The answer is essentially here, but I will detail it to get this off the unanswered questions list.

As Georges Elencwajg observed in his answer to the corresponding MO post, the linear substitution $u:=x+iy$ and $v:=x-iy$ is invertible and therefore $\Bbb C[u,v]=\Bbb C[x,y]$. Furthermore,
$$
uv = (x+iy)(x-iy)= x^2+y^2
$$
so the ring in question is $\Bbb C[u,v]/(uv-1)$, which is the same as $\Bbb C[u,u^ {-1}]$. Now, let us invert this linear transformation to understand the factorization of $x^2$.
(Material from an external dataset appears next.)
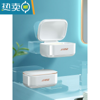 敬平肥皂盒壁挂式家用浴室卫生间免打孔轻奢创意沥水盒带盖香皂置物架 子夜蓝+象牙白[防水防尘-双层沥水-不泡皂]

We have $x=u-iy$ and $y=i(v-x)$. Hence, $x=u+v-x$, meaning
$$
x=\frac{u+v}2=\frac{u+u^{-1}}2=\frac{u^2+1}{2u}=\frac{u-i}{2u}\cdot\frac{u+i}{2u}
$$
is not even irreducible and similarly,
$$
y = i\cdot \left(v-\frac{u+v}2\right)=i\cdot\frac{v-u}2=\frac{u-u^{-1}}{2i}
= \frac{u^2-1}{2iu}=\frac{u-1}{2iu}\cdot\frac{u+1}{2iu}
$$
isn't either. Now,
$$
1-y=\frac{2iu-u^2+1}{2iu}=\frac{(u-i)^2}{2ui}
$$
and
$$
1+y = \frac{2iu+u^2-1}{2iu} = \frac{(u+i)^2}{2iu}
$$
explains that you have simply redistributed your irreducible factors and it all really makes sense.